- _WHAT TO WORK ON_: Nothing but the lines from the one holding "Now, the user" through the last line of the material below should be set down, exactly and without images.

- _INPUT DATA_:
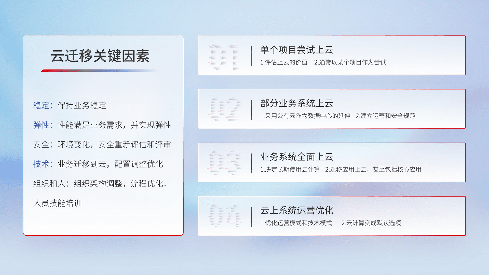 结合实际业务,,,,从规划设计、、、云平台选型、、、云原生改造、、、数据迁移、、、集成交付,,迁移全过程为客户识别最佳上云路径,,做好风险识别管理,,设计网络架构、、、、身份权限、、、、安全审计合规、、操作审计、、、日志审计、、、监控告警策略、、多站点容灾设计等,,,对云上基础设施进行整体规划,,,,提升IT治理水平,,,,以满足弹性、、、高可用、、、高性能的需求。。。。
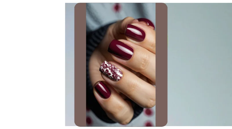 And just when you thought it couldn’t get any better, BAM! Check out that accent nail. It’s like the little rebel of the group, rocking a super intricate white design with that same gorgeous maroon. It’s proof that you don’t have to be a matchy-matchy masterpiece; a little bit of pattern can go a long way to show off your personality. So, if you’re ever stuck on what to do with your nails, this pic is basically a cheat code for turning simple maroon into a total showstopper. Get ready to have everyone asking where you got your nails done!
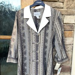 NTW Reina New York Womens Gray Floral Button Front 3/4 Sleeve Blouse Sze 14P$19Cary, NC
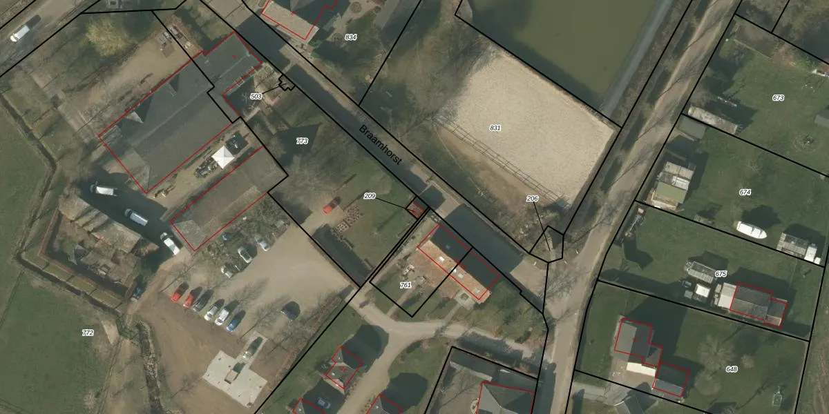 Braamhorst 2-A is gelegen op kadastraal perceel MBE00L209. Deze kadastrale aanduiding is uniek en wordt gebruikt door het Kadaster om eigendomsrechten en andere zakelijke rechten vast te leggen. Het perceel maakt onderdeel uit van de kadastrale gemeente Maasbree.
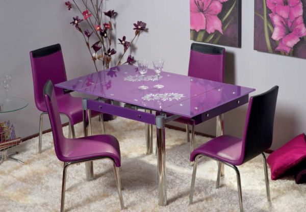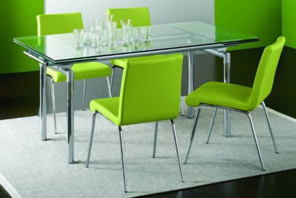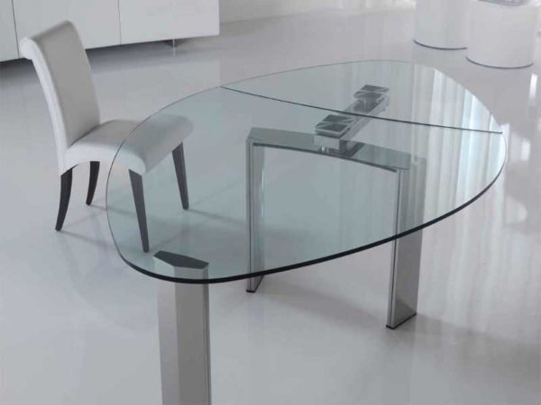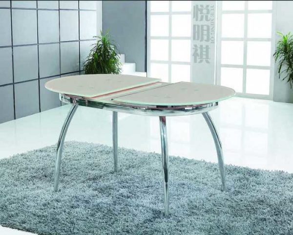 • Раскладные или раздвижные. Стол на кухню из стекла не настолько хрупкий, как кажется. К нему даже крепят фурнитуру, которая позволяет получить раскладывающиеся столешницы.
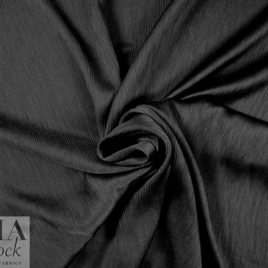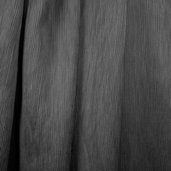 This beauty is a textured viscose stretch plisse' in jet black, with a wonderful informally pleated texture (vertically oriented) and about 25% widthwise stretch with perfect recovery. It is a dress weight fabric, nearly opaque, with a bit of body in the drape and a beautiful surface texture. This is a fabric that can go from casual to office to evening and is perfect for shirt, tunic, dress, skirt, top, etc. Dry cleaning recommended. 1.375 yds.
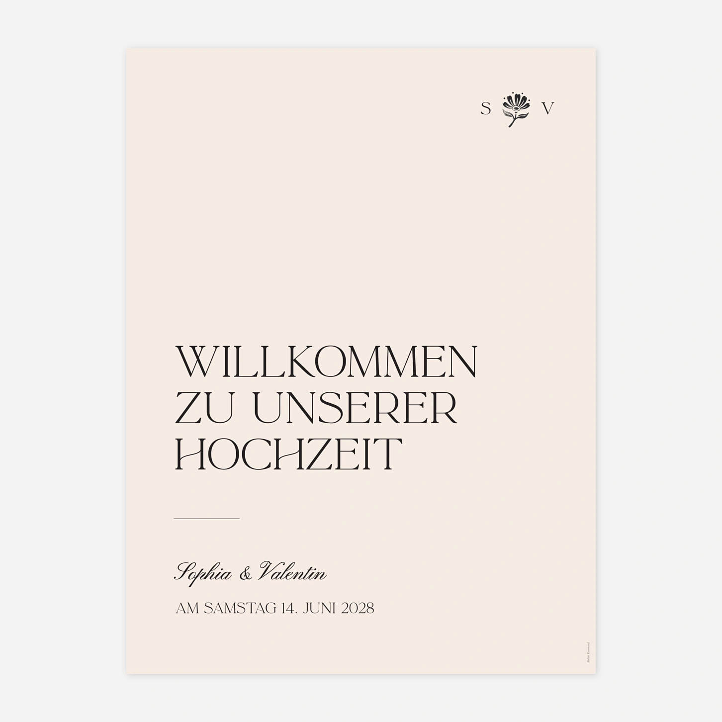 Begrüßen Sie Ihre Gäste mit dem Willkommensschild "Fleur minimale" und schaffen Sie schon beim Ankommen eine stimmungsvolle Atmosphäre. Hinweis: Das Schild wird ohne Aufsteller geliefert.
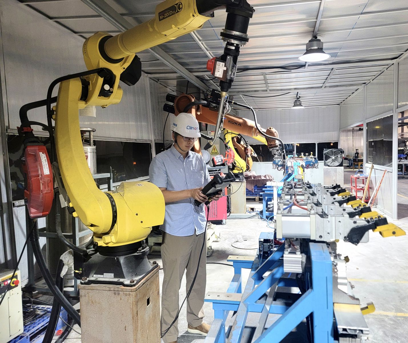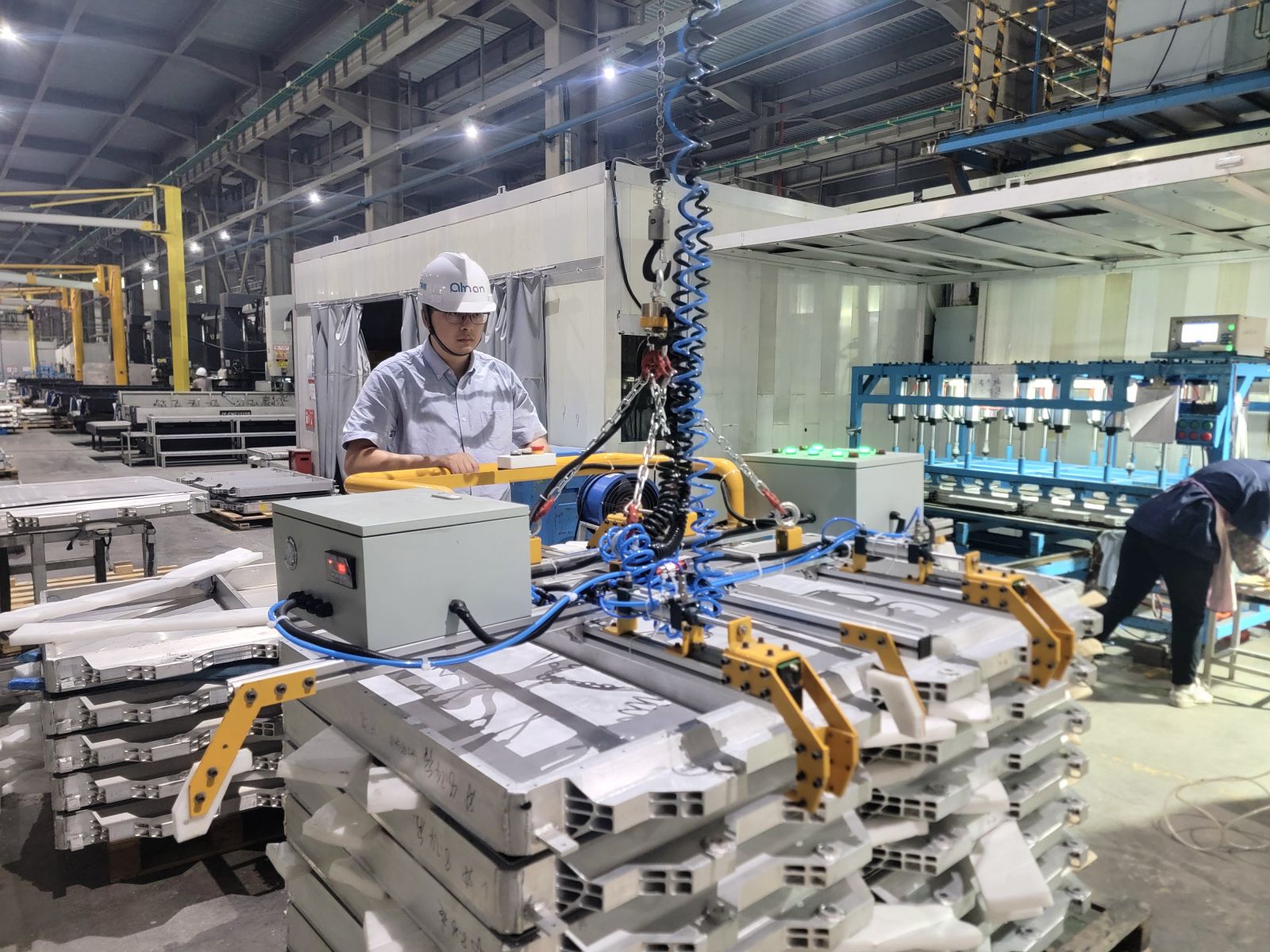 ? 2023年,莫?jiǎng)P研發(fā)的鋁型材全自動(dòng)清洗生產(chǎn)線,解決了型材單件在機(jī)加工后的清潔問題,減少了氣孔、焊渣、飛濺等焊接缺陷,大幅提升了清潔效率和焊接質(zhì)量;同年,完成了四軸聯(lián)動(dòng)加工系統(tǒng)在門檻梁、防撞梁等多面體加工應(yīng)用的研發(fā),大幅提升了加工效率和質(zhì)量;完成了6條電池托盤生產(chǎn)線的開發(fā)和建設(shè),研制了超過400件電池托盤專用工裝夾具和20臺(tái)專用設(shè)備;新建和改造機(jī)器人智能焊接工作站30套,實(shí)現(xiàn)電池托盤產(chǎn)能大幅提高,為公司新能源汽車市場(chǎng)拓展提供了堅(jiān)實(shí)保障。
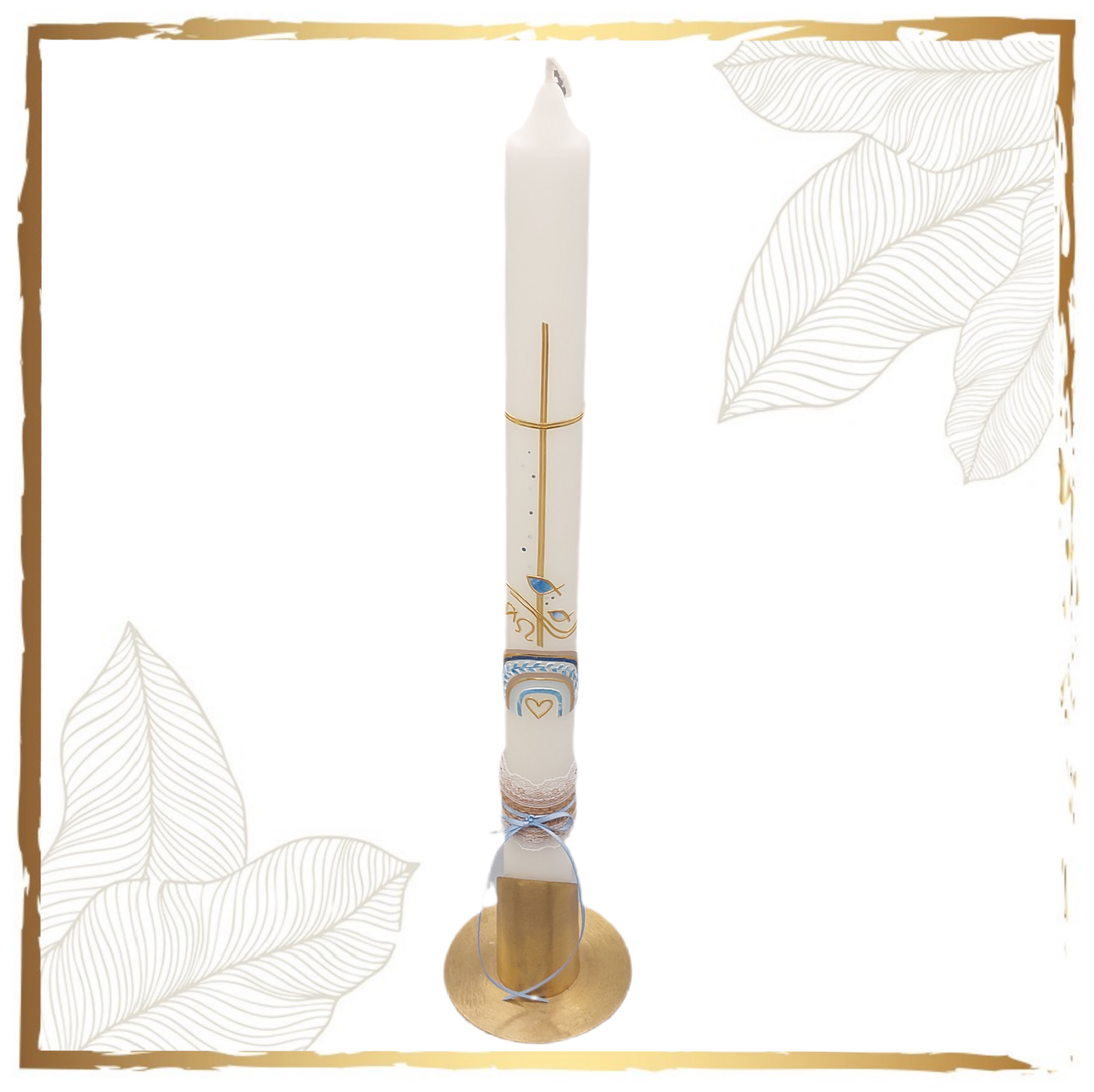 Taufkerze mit Juteband mit Spitze, Kreuz und einem Regenbogen.
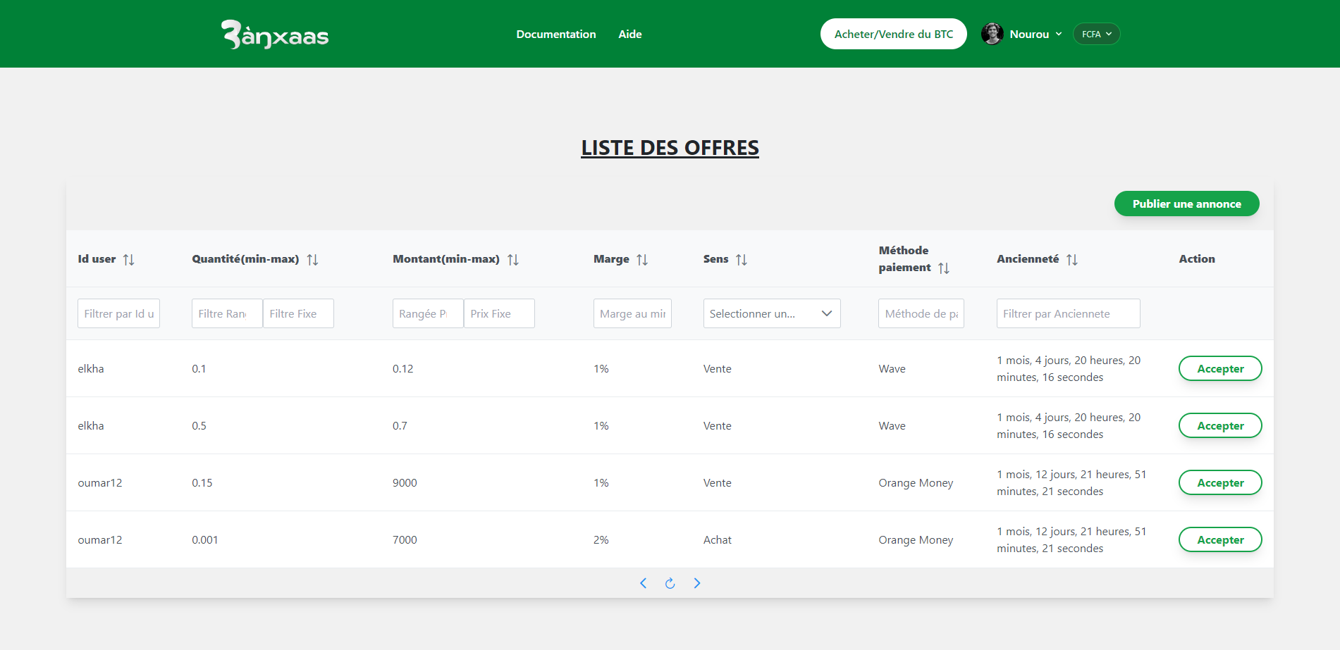 Now, the user has access to multiple screens, from changing its profil info, to seeing offers, to creating its own trade.
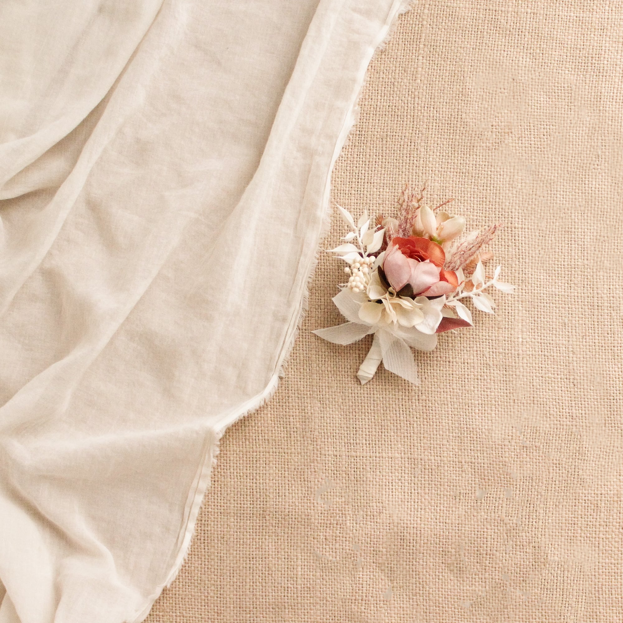 全てアーティフィシャルフラワー(造花)でお作りしている為、耐久性に優れ、ご遠方へのお持ち運びやリユースなどに安心してご利用いただけます。 ブートニア付。

- _PROBLEM SOLUTION_:
 Now, the user has access to multiple screens, from changing its profil info, to seeing offers, to creating its own trade.
 全てアーティフィシャルフラワー(造花)でお作りしている為、耐久性に優れ、ご遠方へのお持ち運びやリユースなどに安心してご利用いただけます。 ブートニア付。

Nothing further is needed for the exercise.